Mükemmeliyetçilik, kendine zarar verici düşünce ve davranışlar yolu ile aşırı derecede ve gerçekçi olamayacak kadar yüksek hedefler edinmektir. Toplum içinde zaman zaman olumlu ve başarı için gerekli bir tutum gibi görülse de bu tamamen hatalı bir yaklaşımdır. Mükemmeliyetçiliğin, gerçekte, başarıyı engelleyen bir tutum olduğu araştırmalar ile kanıtlanmıştır. Mükemmeliyetçilik, kendinize olan saygınızı ve memnuniyetinizi olumsuz etkilediği için, daha gerçekçi hedefleri olan insanların yakaladığı başarıyı elde etmeyi engelleyebilir veya geciktirebilir.

Neden Mükemmeliyetçi Olunur?

Mükemmeliyetçilik genellikle, çocukluk döneminde "ancak bir şeyler başardığım zaman değer görür ve sevilirim" şablonunun öğrenilmesi ile hayata geçer ve zamanla genel bir tutum haline gelir.
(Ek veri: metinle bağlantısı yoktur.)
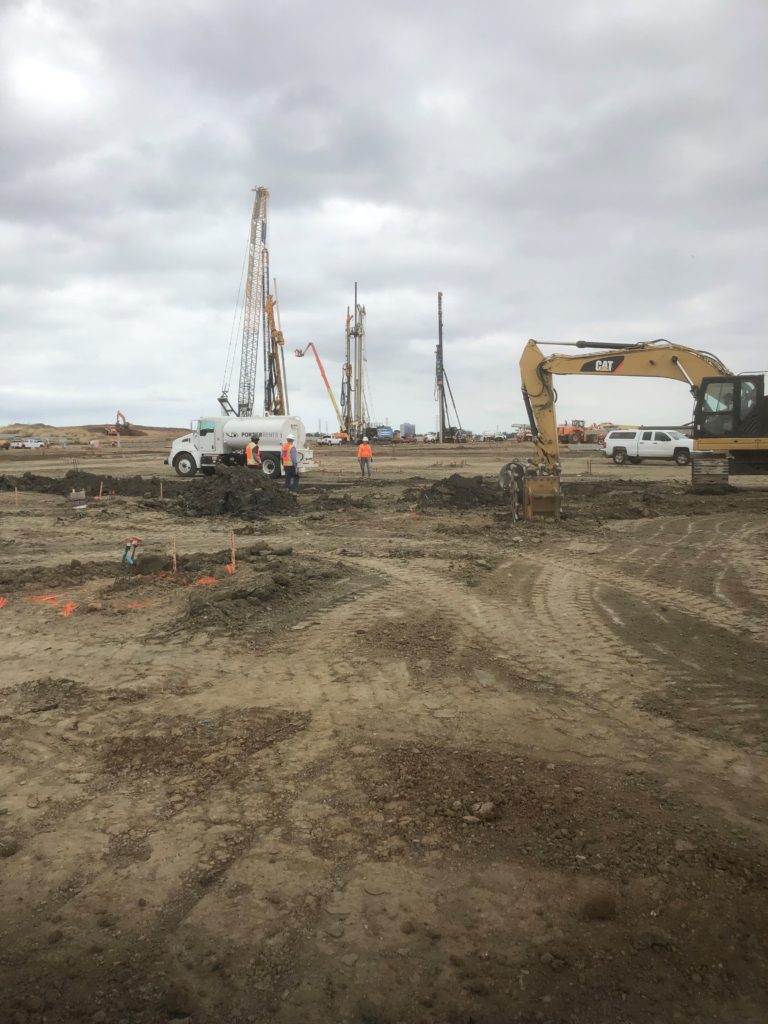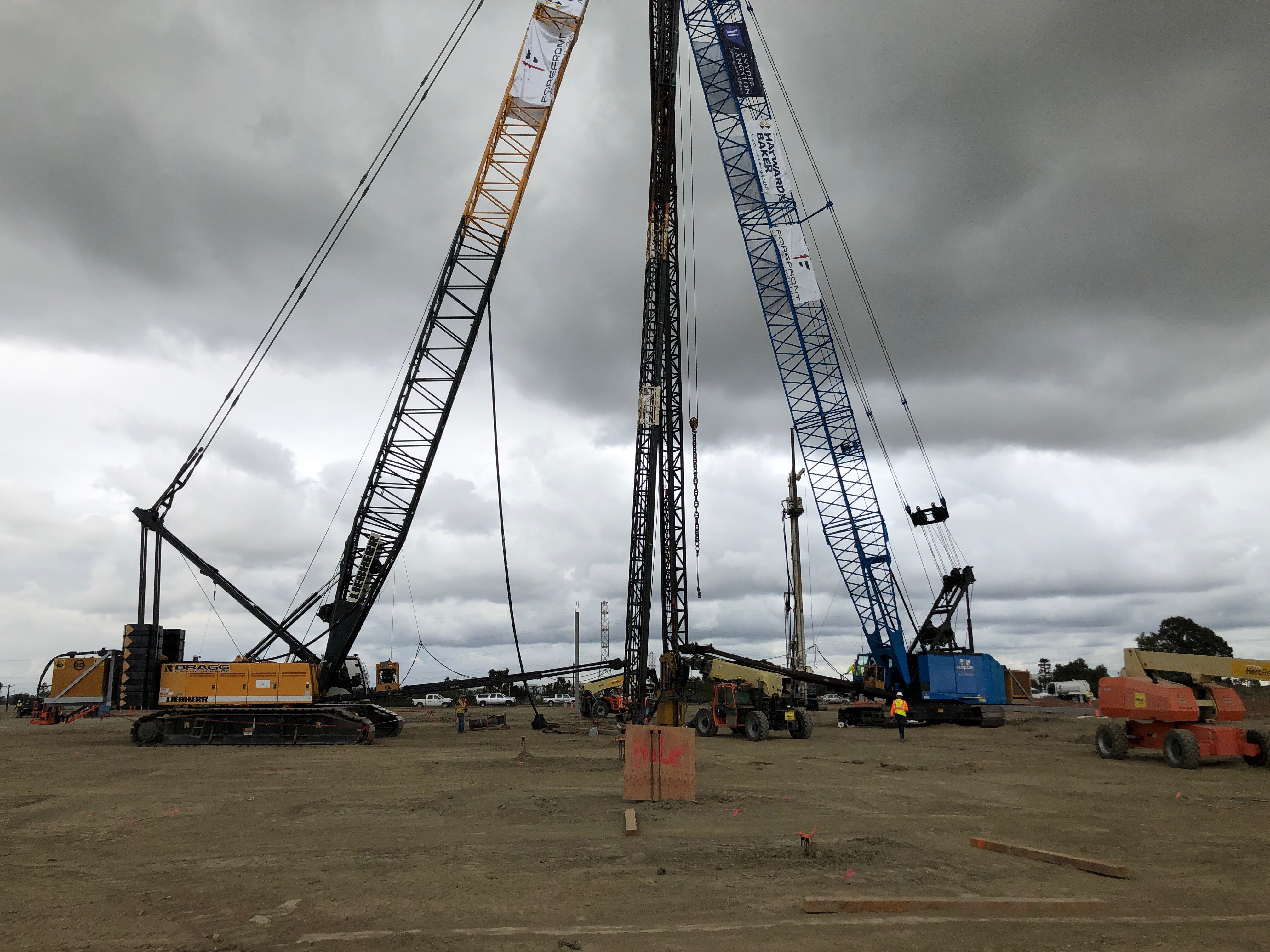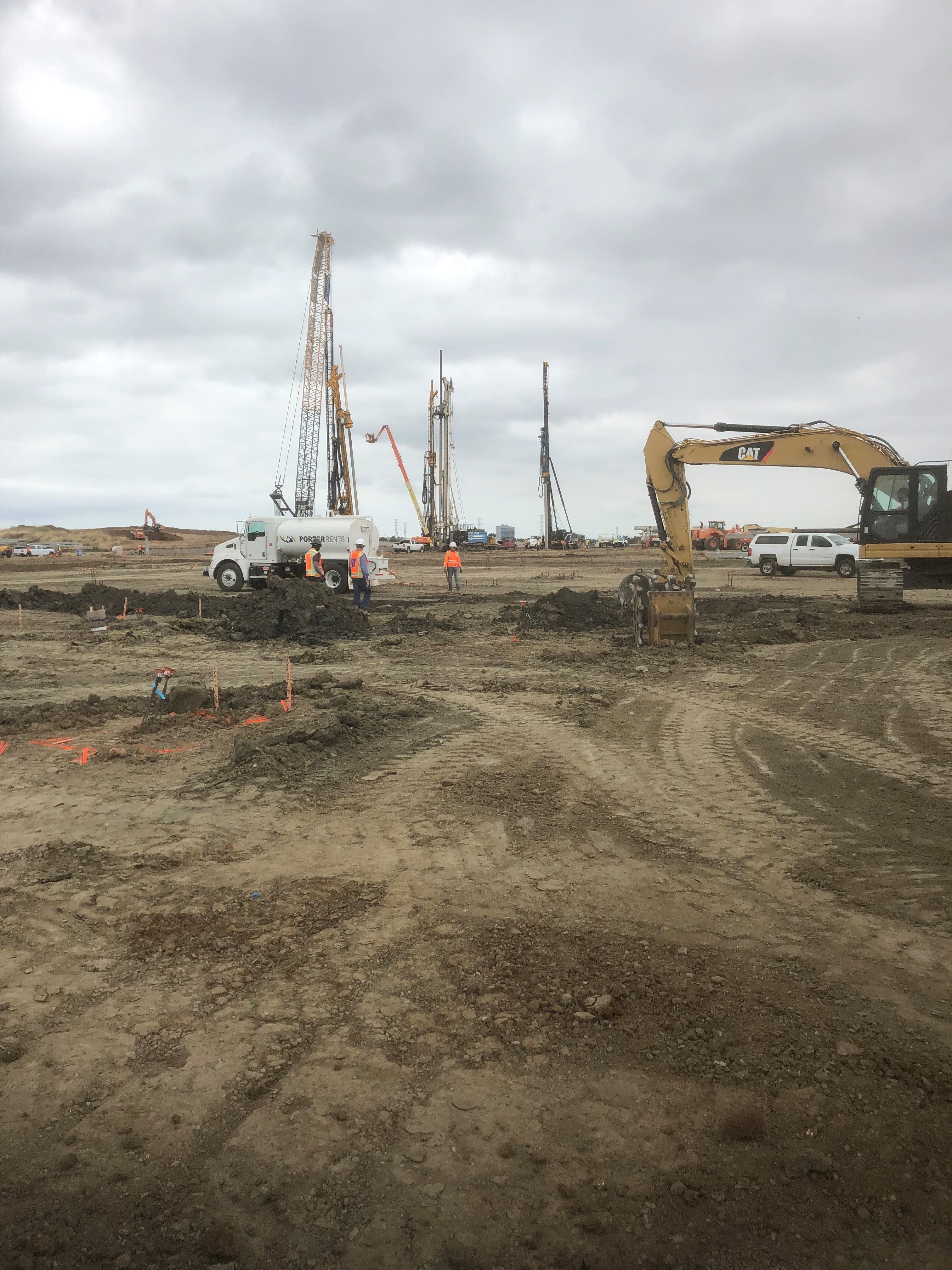 Site Photos Photo Gallery Pile drivers working Rebar cages being installed Cutting off pile Pile caps ready for concrete in A5 utility trench Gravel going in on top of GCCS piping DCIM\101MEDIA\DJI_0164.JPG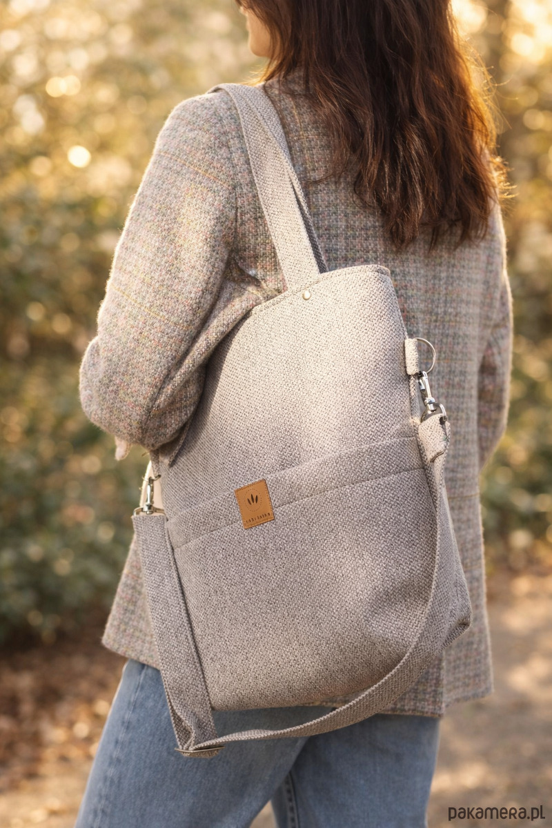 Prostokątna torebka z kieszeniami na froncie z tkaniny o wyczuwalnym, grubym splocie.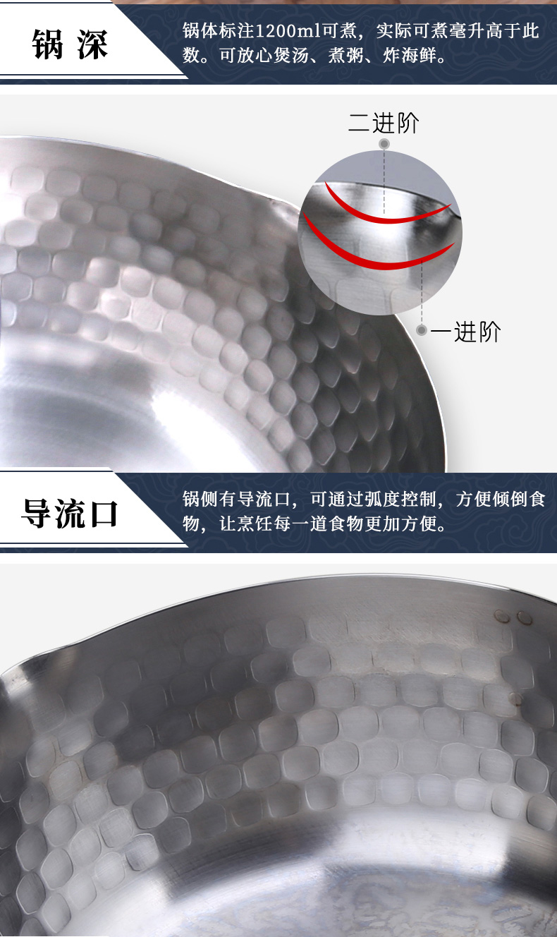 尺寸:直径18cm 锅深7.5cm 总长33.5cm、容量1.6L 锅身标注1200ml可煮,
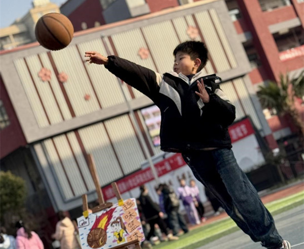 高年级学生在操场上进行了“篮球探索迷宫,趣味投篮……”活动,学生手抱篮球走出迷宫后,终于来到投篮区域。只见他们右手将篮球高高举起,腾空一跃,瞄准篮筐,敏捷的动作、矫健的身姿,令人叫好。其他的体育竞技游戏,都留下了学生们生龙活虎的身影。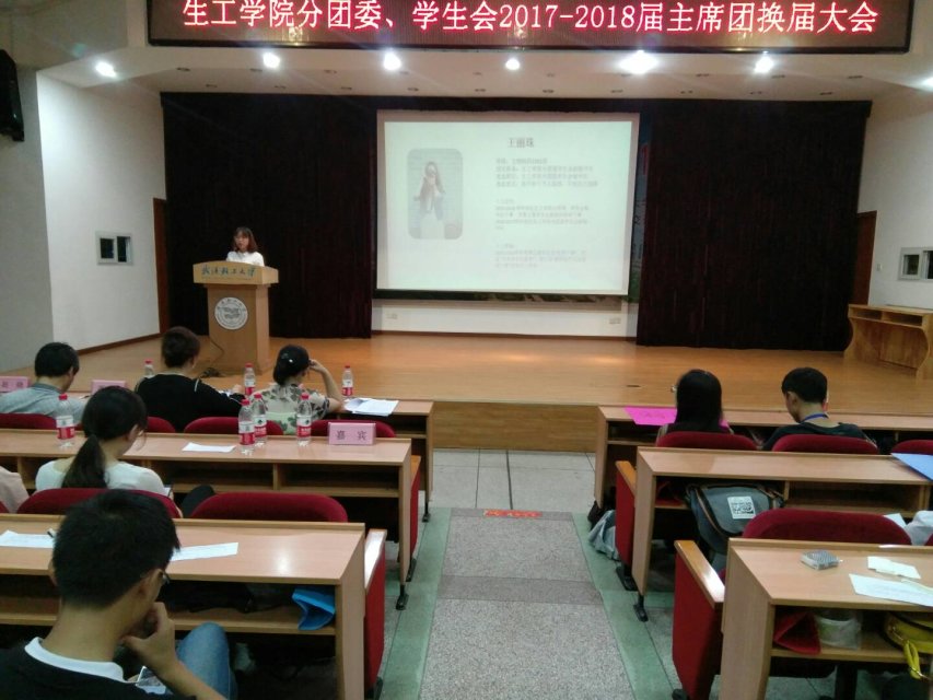 主持人致会议开场辞并介绍到场领导,随后由员工会主席聂靖云学长做述职演讲,总结了生工公司过去的一年出彩成就的同时也对下一届员工干部提出了自己的建议和期望。之后便是对优秀部门、优秀的部长和干事进行荣誉表彰,他们在过去一年的工作中尽心尽力,不辞辛劳。颁奖过后进行最激动人心的竞聘环节,各位优秀的竞选者按照提前抽签确定的顺序依次上台作了简短的个人介绍,就赛前抽到的问题进行了随机主题演讲,在经过简单的了解以后,分别由老师和主席团成员提问,让老师们更好的了解他们的临场应变能力和舞台演讲能力。最后严书记对本次大会做出总结发言。强调了团队合作的重要性,凝聚力是必不可少的。大会到此圆满结束。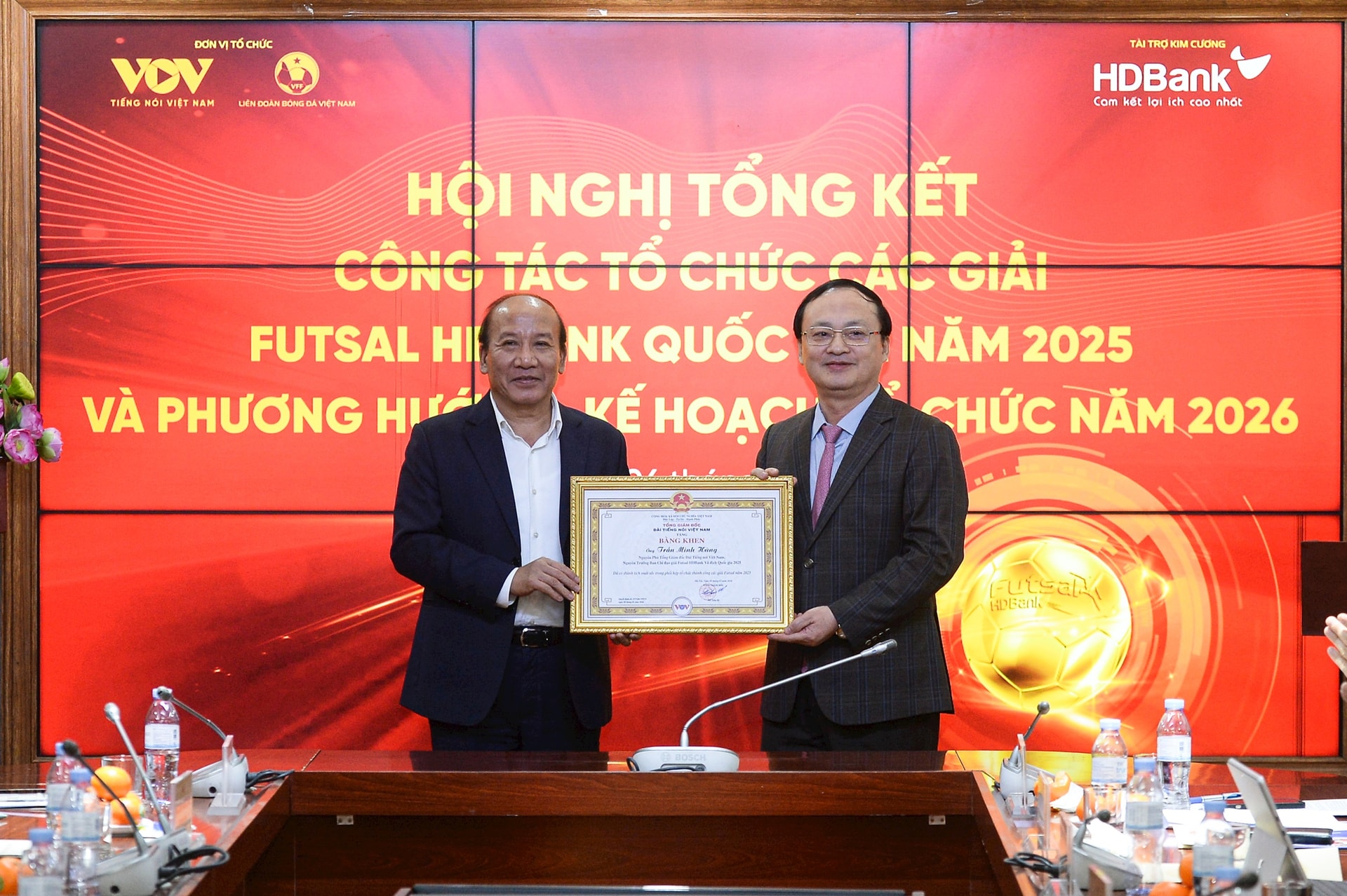 Tại hội nghị, ông Đỗ Tiến Sỹ đã trao Bằng khen của Tổng Giám đốc Đài Tiếng nói Việt Nam tặng ông Trần Minh Hùng, nguyên Phó Tổng Giám đốc VOV, nguyên Trưởng Ban Chỉ đạo Giải Futsal HDBank Vô địch Quốc gia năm 2025, nhằm ghi nhận những đóng góp quan trọng trong công tác chỉ đạo và tổ chức giải đấu.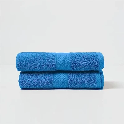 Set of 2 Hand Towels Size: 50 x 90 cm. Colour: Cobalt Blue. A quality towel for everyday use in a heavy 500 GSM weight from Homescapes in 23 different colours. Six sizes are available in each colour. 100% finely combed cotton fibres ring spun and woven in Turkey. Towels from Turkey are known for the luxury they bring to every bathing experience. Retains its softness after wash due to higher quality of cotton fibre used in manufacturing. Washable at 40°C. For the best care of your towel, Homescapes recommends not to use fabric conditioner/softener whilst washing, and not to iron your towels as both reduce absorbency.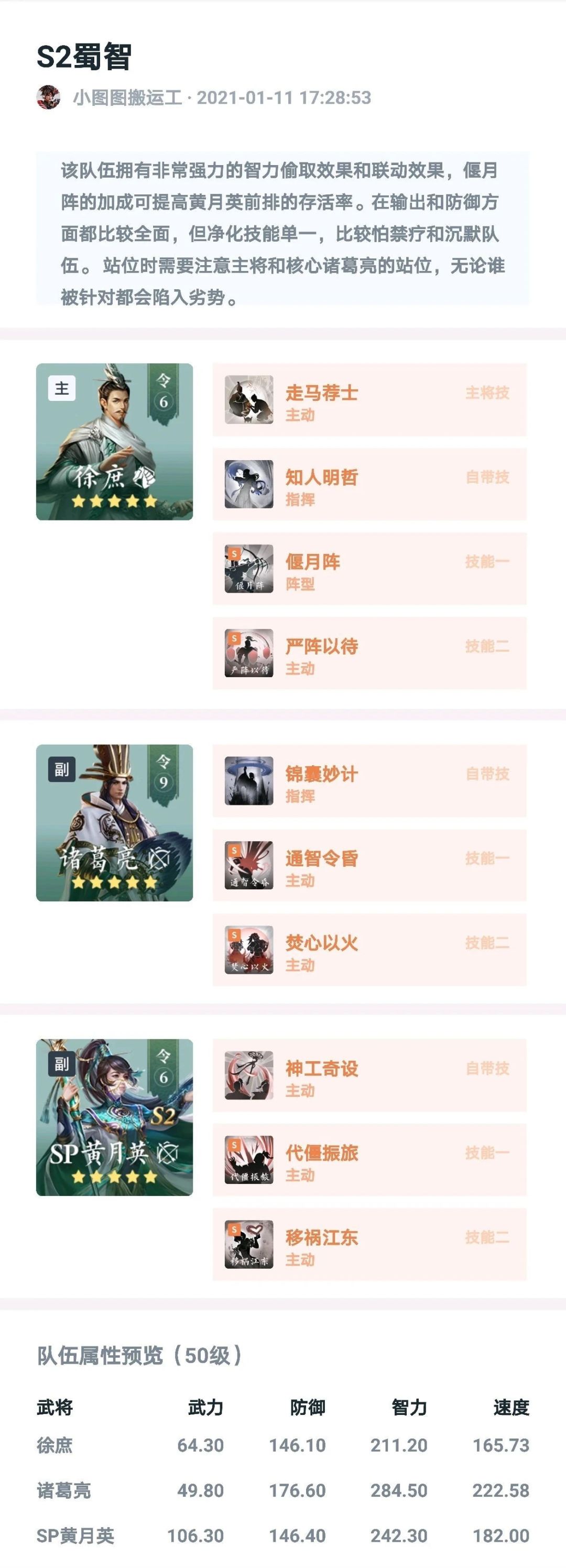 该队伍拥有非常强力的智力偷取效果和联动效果,偃月阵的加成可提高黄月英前排的存活率。在输出和防御方面都比较全面,但净化技能单一,比较怕禁疗和沉默队伍。

Bu düşüncenin bir sonucu olarak kişi, kendisine de başkalarının onu onayladığı ölçüde değer vermeyi öğrenir. Bu durumda özgüven tamamen başkalarının değerlendirmesi üzerine kurulur. Bütün bu çarpık düşünce ve oluşan tutum, kişiyi, başkalarının eleştiri ve düşüncelerine karşı son derece hassas ve kırılgan kılar. Sonuçta kişi, acı verici eleştirilerden kaçınmanın tek yolu olarak mükemmelliği görür ve umutsuzca mükemmel olma çabası içine girer.

Mükemmeliyetçilik ile ilgili yaygın olarak görülen duygu, düşünce ve inanışlar:
· Başarısızlık korkusu: Mükemmeliyetçi kişiler başarısızlığı kişisel değersizlik ile eş görürüler.
· Hata yapma korkusu: Mükemmeliyetçi kişiler, hata ile başarısızlığı eş tutarlar. Hayatlarını hatadan uzak tutmak için çok fazla uğraştıkları için öğrenme ve gelişme fırsatlarını kaçırırılar.
· Onaylanmama korkusu: Başka insanlar hatalarını görürlerse, artık kabul edilmeyeceklerini düşünürler. Mükemmel olmayı, eleştiri, onaylanmamak ve kabul edilmemekten kaçmanın bir yolu olarak görürler.
· Ya hep ya hiç tarzı düşünme: Mükemmeliyetçi kişilerin düşüncesine göre iki alternatif vardır: mükemmel olmak ve tümden değersiz olmak. Durumu geniş perspektiften görmedikleri için 100 üzerinden 100 olmayan her şeyin sıfır olduğuna inanırlar.
· -Meli, -Malı tarzı düşünme: Mükemmeliyetçi kişiler, sonsuz bir zorunluluklar listesi içinde yaşar. Kendileri, çevrelerindeki insanlar , hatta dünya ile ilgili "olmalı" - "olmamalı" ; "yapılmalı"- "yapılmamalı" gibi katı kuralları vardır. Dünyanın bu doğrulara göre dönmesi gerektiğine, aksi halde her şeyin kötü gideceğine inanırlar. Bu kurallar etrafında kendi istek ve ihtiyaçlarına gereken önemi göstermezler.
· Başkalarının kolayca başarı elde ettiği fikri: Genellikle diğer insanların çok daha az çaba harcayarak ve zaman zaman hatalar yaptıkları halde başarılı olduklarını düşünürler. Buna rağmen kendi çabalarını hiçbir zaman yeterli görmez, kendilerini yıpratıncaya dek çalışırlar.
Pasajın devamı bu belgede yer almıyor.